Here is everything wired together into one runnable file. Fill in your two credentials in .env, change the URL, and adjust the prompt keys for whatever target you are extracting.

python
import os
import json
from dotenv import load_dotenv
from crawlbase import CrawlingAPI
import google.generativeai as genai

load_dotenv()
api = CrawlingAPI({"token": os.environ["CRAWLBASE_JS_TOKEN"]})
genai.configure(api_key=os.environ["GEMINI_API_KEY"])
model = genai.GenerativeModel("gemini-2.0-flash")

url = "https://books.toscrape.com/catalogue/a-light-in-the-attic_1000/index.html"

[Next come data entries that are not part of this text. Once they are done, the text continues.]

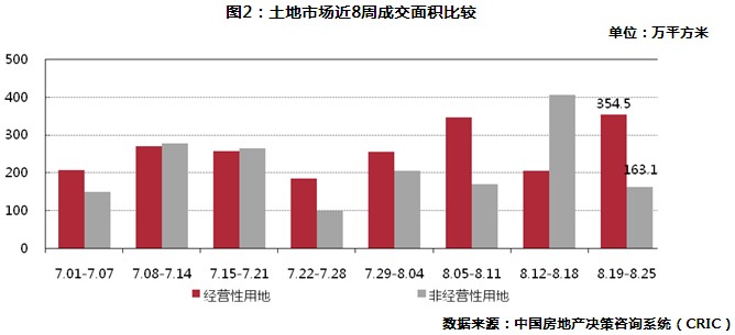 本周土地總成交面積518萬(wàn)平方米,環(huán)比下降15.4%。其中經(jīng)營(yíng)性土地環(huán)比上漲72.8%,非經(jīng)營(yíng)性土地成交面積下降59.9%。本周土地成交可造995萬(wàn)平方米的建筑面積總量,環(huán)比上漲12.6%。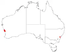 Hakea neurophylla is a rare species restricted to the Mt Lesueur - Eneabba area north of Perth in heathland sand over laterite usually on ridge tops.[7][5]
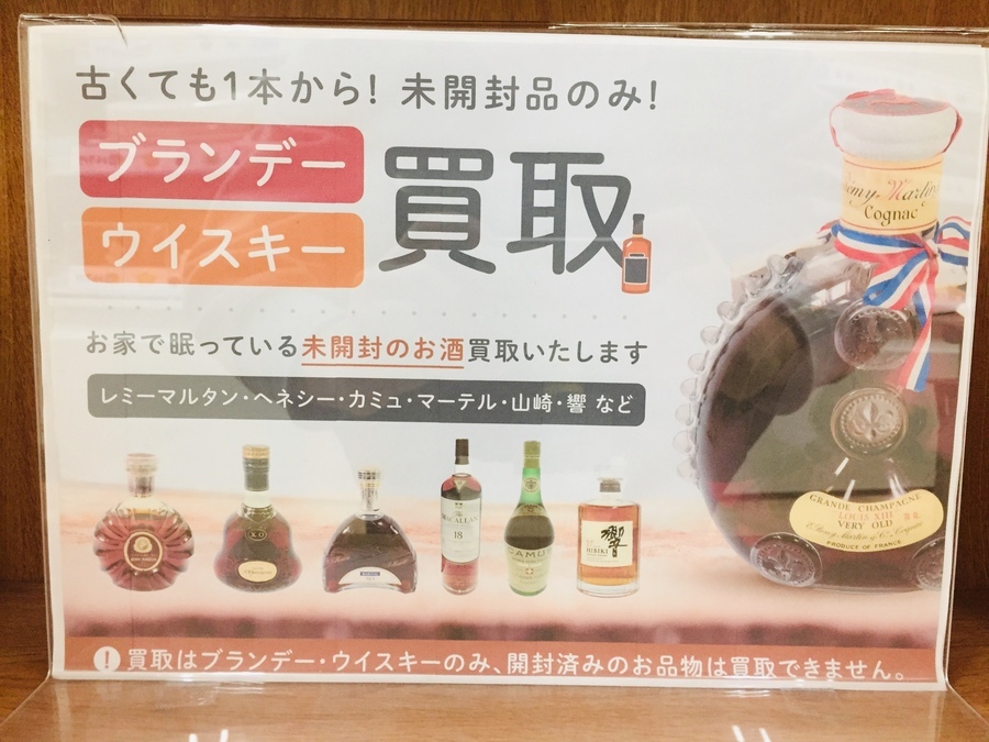 当店では、未開封のウイスキー・ブランデー・焼酎のお買取を大募集中です!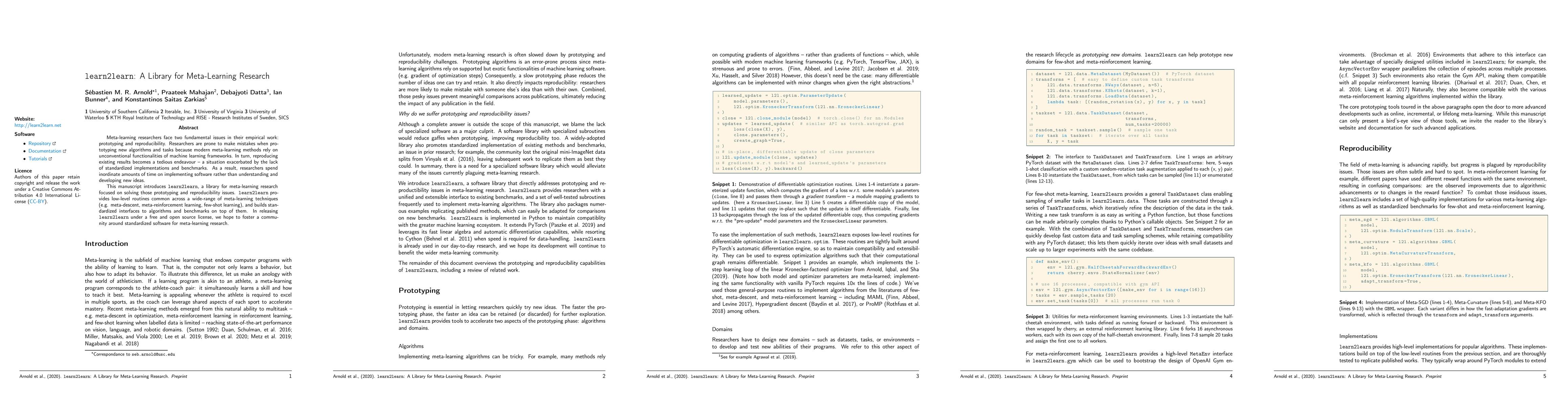 This paper introduces learn2learn, a library aimed at addressing prototyping and reproducibility challenges in meta-learning research. It provides standardized interfaces and low-level routines for various meta-learning techniques to facilitate easier implementation and result reproducibility.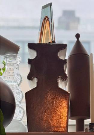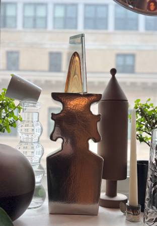 Note: The vase's narrow shape and reflective glaze work well in New York City spaces.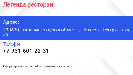Легенда, ресторан по адресу 238630, Калининградская область, Полесск, Театральная, 3а в дальнейшем Организация, размещена в следующих категориях:
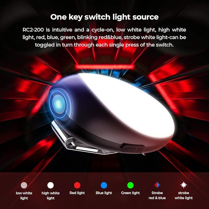 - 【Meet Different Demands】RC2-200 consists of multicolored high quality led-white, red, blue and green. It's suitable for daily uses such as lighting, video light and running. Besides, strobe mode and blinking red-blue mode can be used under circumstances of emergency contact, field search, SOS and backup lighting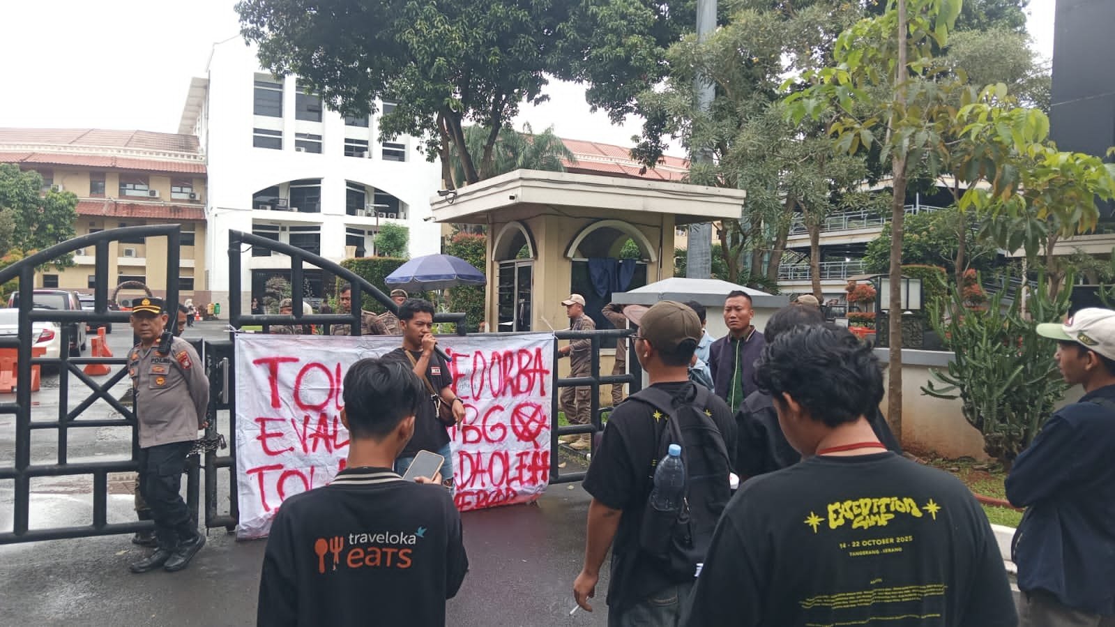 Koordinator Aksi KameraD, Aditya Nugraha dalam orasinya di depan Kantor DPRD Kota Tangerang, Kamis (15/1) 2026 (Foto: Topan Bagaskara/PusatBerita).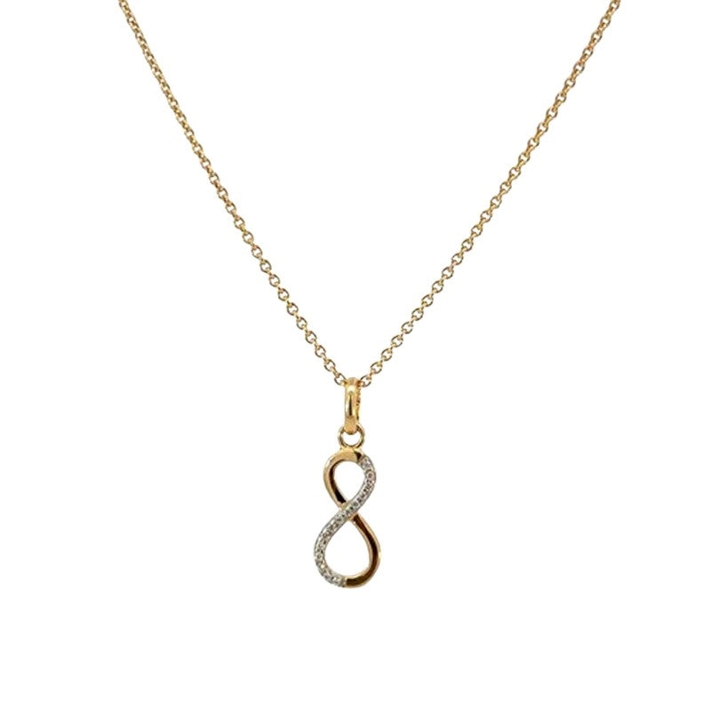 Evighedsvedhæng i 8 kt guld med zirkonia og forgyldt kæde 45 cm fra Smykkecenter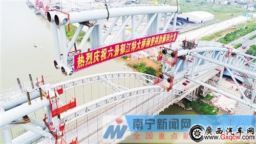 據(jù)介紹,拱肋合龍后,六景郁江特大橋?qū)⑦M(jìn)行橫撐焊接施工,7月份對鋼管拱肋進(jìn)行混凝土澆筑,8月份轉(zhuǎn)入橋面安裝施工,開始吊裝大橋橋面。“按照計(jì)劃,這座大橋?qū)⒃诮衲甑捉ǔ,達(dá)到通車條件!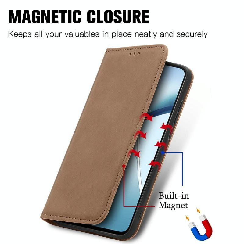 Για OnePlus Ace 3 Pro Ρετρό δέρμα αίσθηση μαγνητική Flip δέρμα τηλέφωνο υπόθεση (καφέ)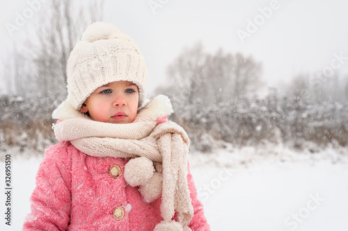 Obraz premium little girl in a purple coat, white hat and a large scarf is sad in winter...

def fetch_markdown(target_url):
    options = {"format": "markdown", "ajax_wait": "true", "page_wait": 3000}
    response = api.get(target_url, options)
    return response["body"].decode("utf-8")

def extract_fields(content):
    prompt = f"""You are a data extraction tool. From the page content below,
extract the book title, price, availability, and star rating.
Return only JSON with keys: title, price, availability, rating.

CONTENT:
{content}
"""
    response = model.generate_content(
        prompt,
        generation_config={"response_mime_type": "application/json"},
    )
    return response.text

def main():
    markdown = fetch_markdown(url)
    raw = extract_fields(markdown)
    try:
        data = json.loads(raw)
    except json.JSONDecodeError:
        print("Gemini did not return valid JSON:", raw)
        return
    with open("book_data.json", "w") as f:
        json.dump(data, f, indent=2)
    print(json.dumps(data, indent=2))

if __name__ == "__main__":
    main()

What the output looks like

Run it with python scraper.py and you get clean structured data written to book_data.json and echoed to the console.

json
{
  "title": "A Light in the Attic",
  "price": "£51.77",
  "availability": "In stock (22 available)",
  "rating": "Three"
}

Notice what you did not write: no CSS selectors, no XPath, no per-field parsing logic. You described the fields and the model found them. Point the same script at a different book URL, or a product page on another site, and it adapts without code changes, which is the real advantage of the AI data extraction approach over hand-tuned selectors.

Scaling to many pages

One page is a demo; a real job runs over a list of URLs. The shape stays the same: loop the URLs, fetch each through the Crawling API, extract with Gemini, and collect the rows. Two things to keep in mind as you scale. Gemini bills per token, so sending markdown rather than full HTML keeps cost down on every call, and the Crawling API has its own throughput so you do not have to manage proxies or browser instances yourself.

python
urls = [
    "https://books.toscrape.com/catalogue/a-light-in-the-attic_1000/index.html",
    "https://books.toscrape.com/catalogue/tipping-the-velvet_999/index.html",
]

results = []
for u in urls:
    markdown = fetch_markdown(u)
    raw = extract_fields(markdown)
    try:
        results.append(json.loads(raw))
    except json.JSONDecodeError:
        print(f"Skipped {u}: invalid JSON")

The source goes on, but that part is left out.